The expected output is an exact copy of the lines from the one containing "情況緊急,公司應急搶修保障處" to the final line below, minus any pictures.

:: Available data ::
= = = = = = =

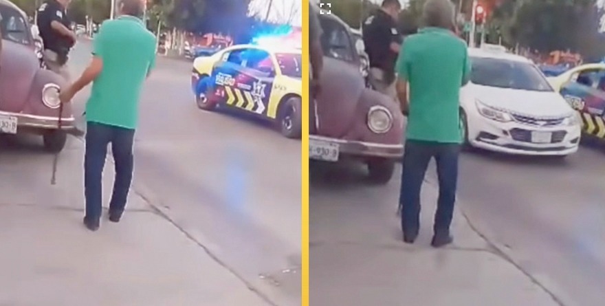 Los PoleSías no quisieron escuchar la réplica del afectado y simplemente le dijeron “pague su multa allá en el charco”, además de llamar a la grúa para que remolcara el vochito.
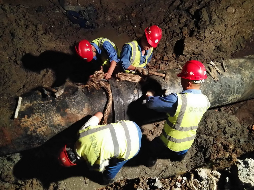 情況緊急,公司應急搶修保障處和水電安裝隊立即派遣搶修人員攜帶相關搶修設備趕赴現場進行搶修。搶修人員首先對開挖路面進行回填,然后重新安裝dn600球墨總管,最后搶修人員采用dn600套筒結合打頭子的方式進行修復,經過連續搶修,直至晚上24點完成搶修,恢復正常供水。
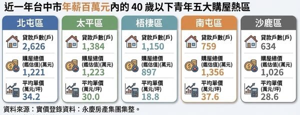 多開5分鐘車省百萬!太平「房價凹陷區」磁吸首購族記者陳筱惠/台中報導台中市根據統計聯徵中心貸款件數及實價登錄資料,2024年第3季到2025年第2季期間,以年薪百萬元以下、40歲以下青壯年最熱門的5大購屋區域出...

= = = = = = =

:: Result below ::
 情況緊急,公司應急搶修保障處和水電安裝隊立即派遣搶修人員攜帶相關搶修設備趕赴現場進行搶修。搶修人員首先對開挖路面進行回填,然后重新安裝dn600球墨總管,最后搶修人員采用dn600套筒結合打頭子的方式進行修復,經過連續搶修,直至晚上24點完成搶修,恢復正常供水。
 多開5分鐘車省百萬!太平「房價凹陷區」磁吸首購族記者陳筱惠/台中報導台中市根據統計聯徵中心貸款件數及實價登錄資料,2024年第3季到2025年第2季期間,以年薪百萬元以下、40歲以下青壯年最熱門的5大購屋區域出...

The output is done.